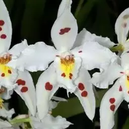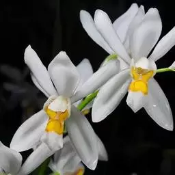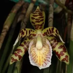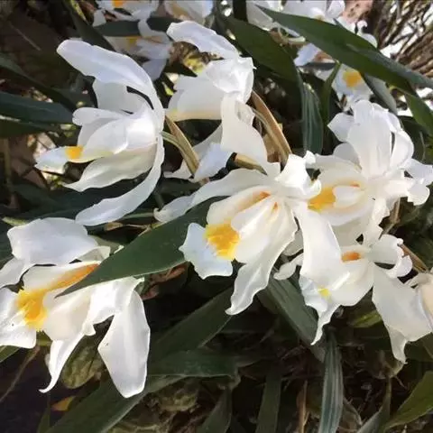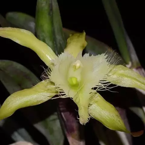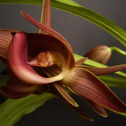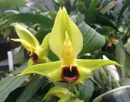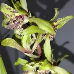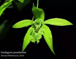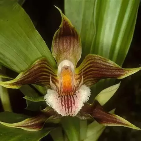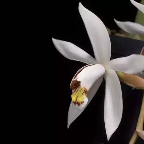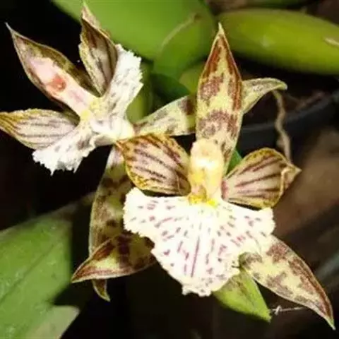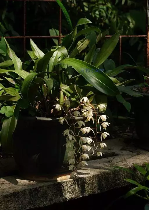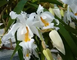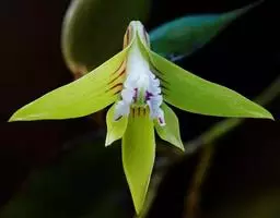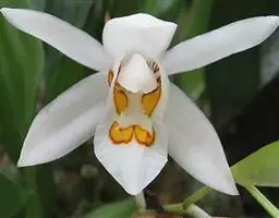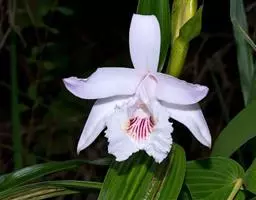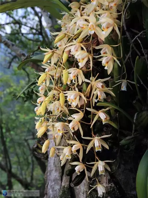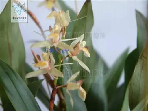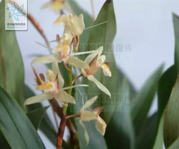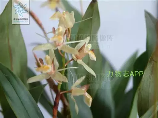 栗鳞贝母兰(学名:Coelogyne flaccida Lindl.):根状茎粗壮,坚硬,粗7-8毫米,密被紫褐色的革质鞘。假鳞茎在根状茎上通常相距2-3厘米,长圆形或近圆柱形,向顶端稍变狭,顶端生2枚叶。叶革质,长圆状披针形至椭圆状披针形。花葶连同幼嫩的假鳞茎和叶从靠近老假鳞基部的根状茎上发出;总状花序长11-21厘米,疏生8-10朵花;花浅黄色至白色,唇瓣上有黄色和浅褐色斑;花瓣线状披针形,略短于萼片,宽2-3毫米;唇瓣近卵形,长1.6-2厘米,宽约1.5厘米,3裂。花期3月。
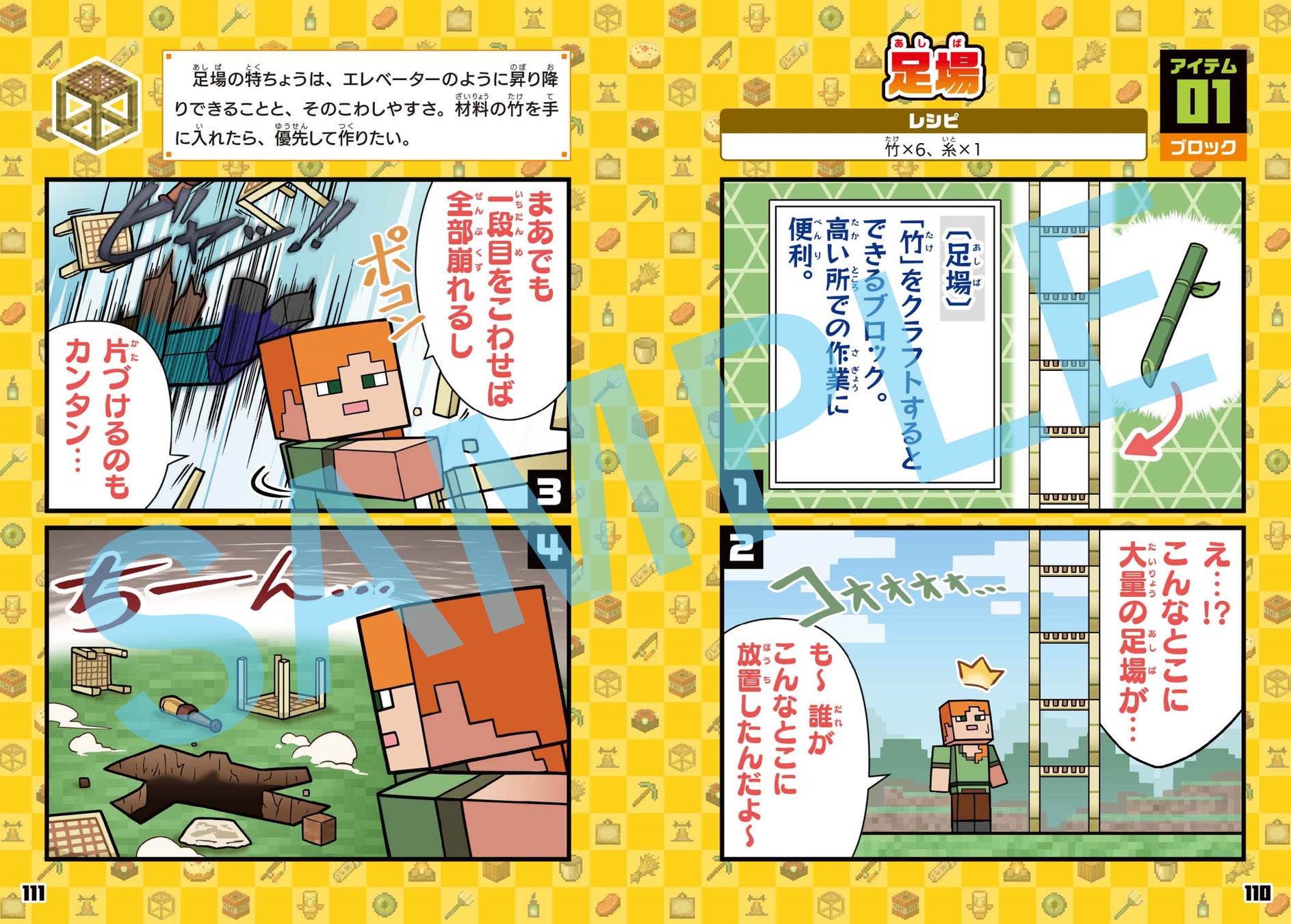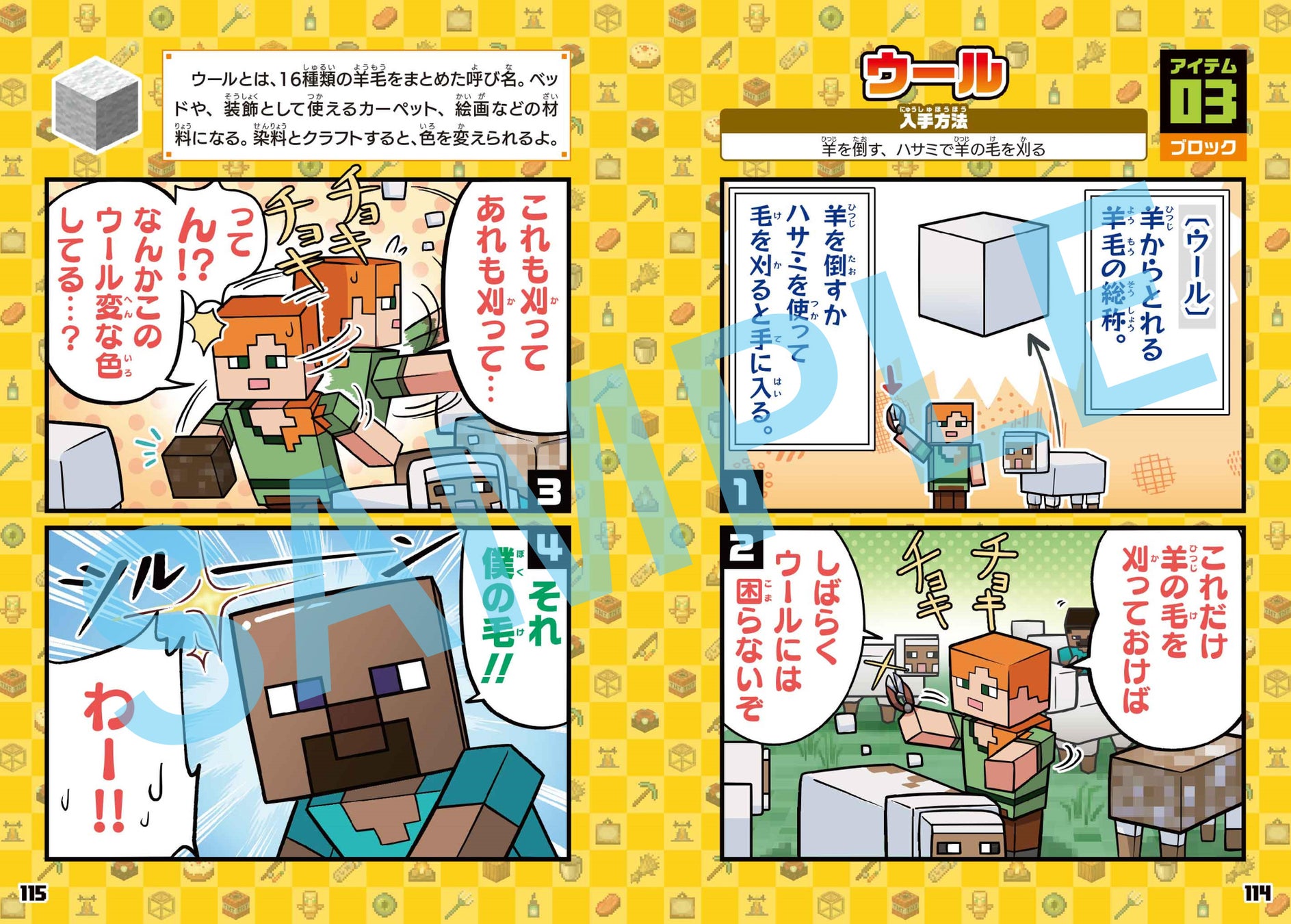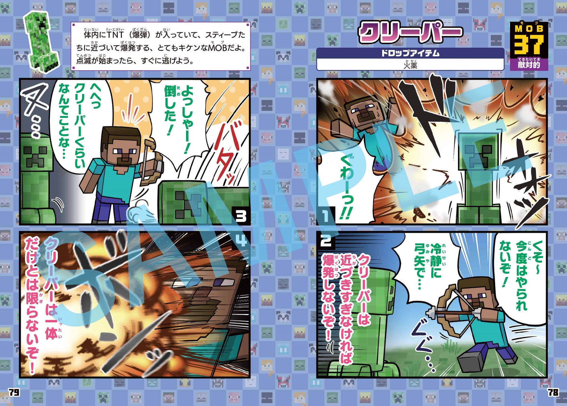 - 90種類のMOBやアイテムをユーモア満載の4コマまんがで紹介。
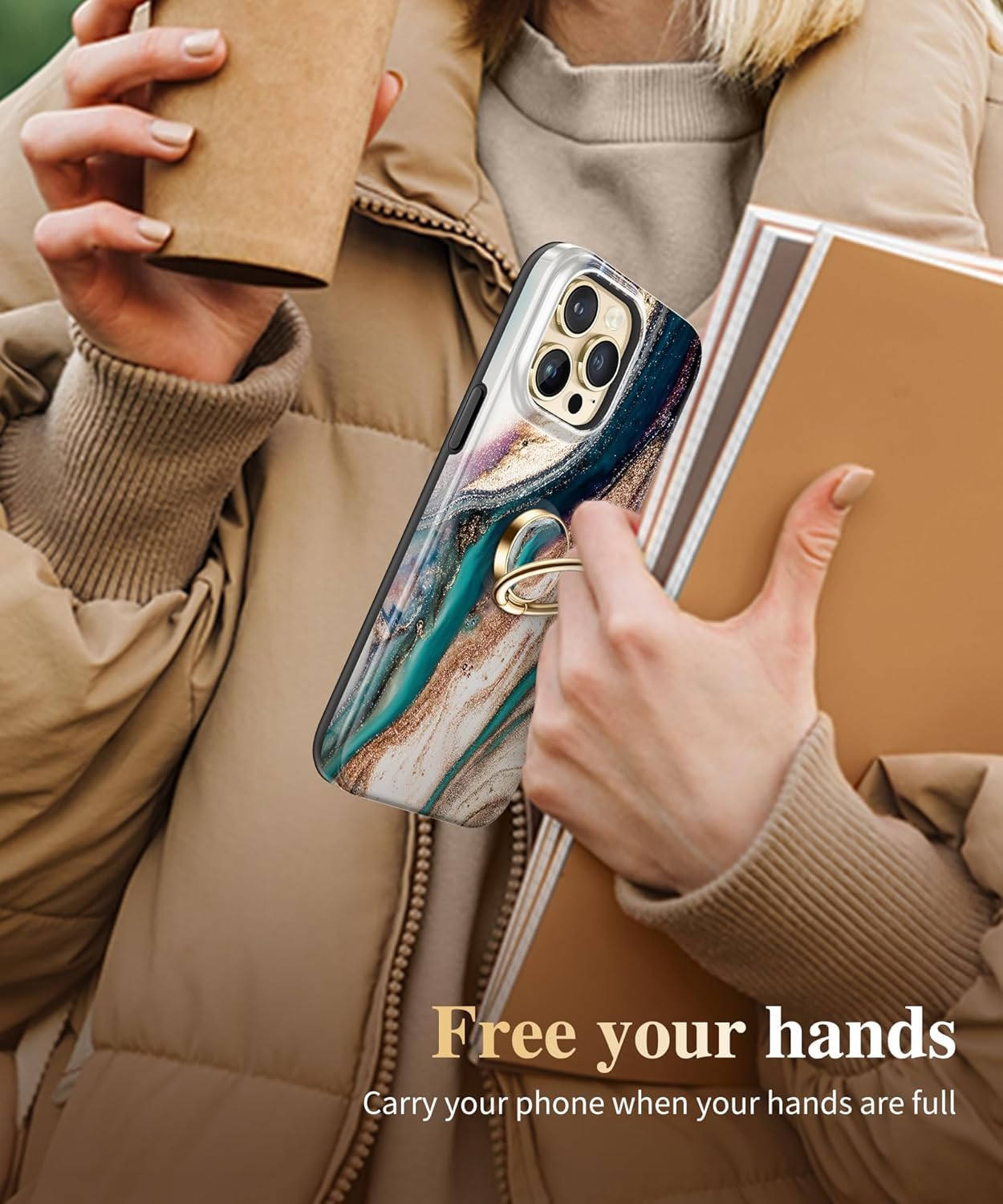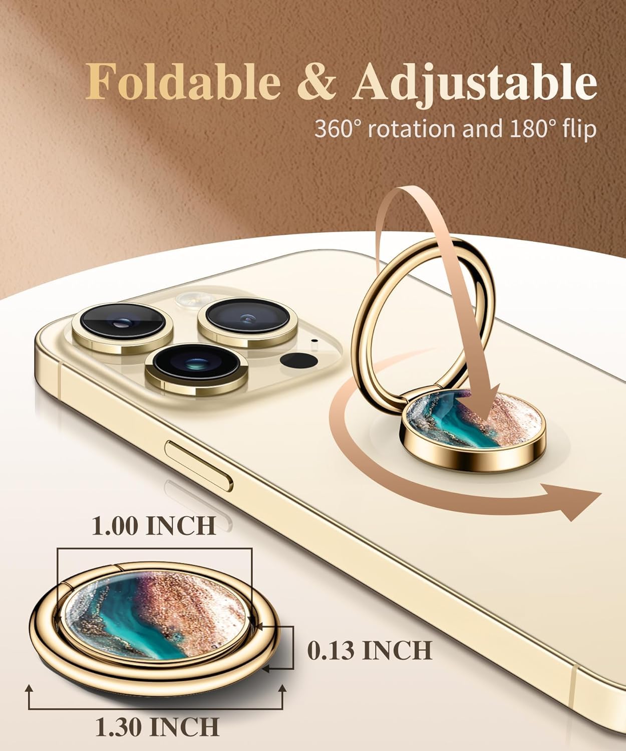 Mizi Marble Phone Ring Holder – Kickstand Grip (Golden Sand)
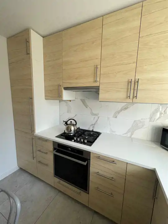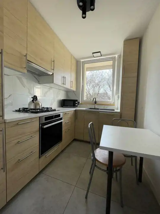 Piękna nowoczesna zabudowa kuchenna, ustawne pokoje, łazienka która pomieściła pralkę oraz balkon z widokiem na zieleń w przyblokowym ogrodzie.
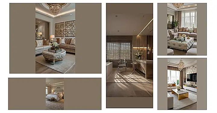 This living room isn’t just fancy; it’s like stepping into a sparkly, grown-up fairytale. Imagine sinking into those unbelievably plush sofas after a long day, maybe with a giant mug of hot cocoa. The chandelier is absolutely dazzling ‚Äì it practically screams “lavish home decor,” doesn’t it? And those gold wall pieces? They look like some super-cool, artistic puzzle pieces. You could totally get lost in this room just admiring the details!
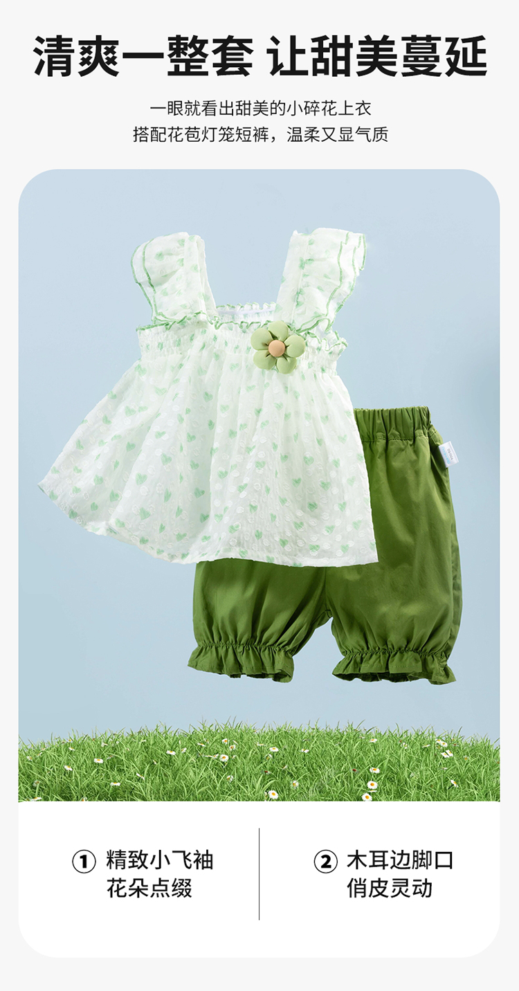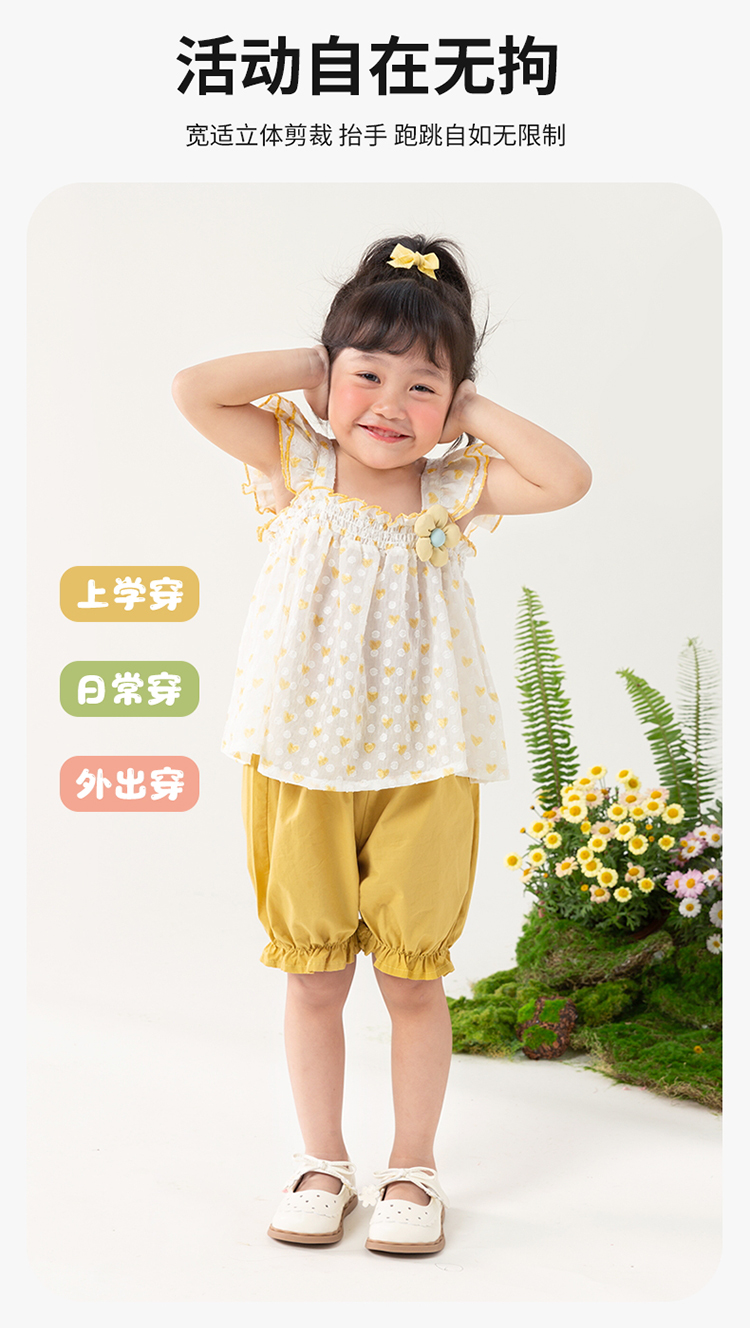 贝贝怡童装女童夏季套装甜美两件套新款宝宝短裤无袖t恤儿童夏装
────────────────────────────────────────
EXERCISE REQUIREMENTS →
Retype the whole listing exactly. Do not include the pictures.

ANSWER SPACE →
 栗鳞贝母兰(学名:Coelogyne flaccida Lindl.):根状茎粗壮,坚硬,粗7-8毫米,密被紫褐色的革质鞘。假鳞茎在根状茎上通常相距2-3厘米,长圆形或近圆柱形,向顶端稍变狭,顶端生2枚叶。叶革质,长圆状披针形至椭圆状披针形。花葶连同幼嫩的假鳞茎和叶从靠近老假鳞基部的根状茎上发出;总状花序长11-21厘米,疏生8-10朵花;花浅黄色至白色,唇瓣上有黄色和浅褐色斑;花瓣线状披针形,略短于萼片,宽2-3毫米;唇瓣近卵形,长1.6-2厘米,宽约1.5厘米,3裂。花期3月。
 - 90種類のMOBやアイテムをユーモア満載の4コマまんがで紹介。
 Mizi Marble Phone Ring Holder – Kickstand Grip (Golden Sand)
 Piękna nowoczesna zabudowa kuchenna, ustawne pokoje, łazienka która pomieściła pralkę oraz balkon z widokiem na zieleń w przyblokowym ogrodzie.
 This living room isn’t just fancy; it’s like stepping into a sparkly, grown-up fairytale. Imagine sinking into those unbelievably plush sofas after a long day, maybe with a giant mug of hot cocoa. The chandelier is absolutely dazzling ‚Äì it practically screams “lavish home decor,” doesn’t it? And those gold wall pieces? They look like some super-cool, artistic puzzle pieces. You could totally get lost in this room just admiring the details!
 贝贝怡童装女童夏季套装甜美两件套新款宝宝短裤无袖t恤儿童夏装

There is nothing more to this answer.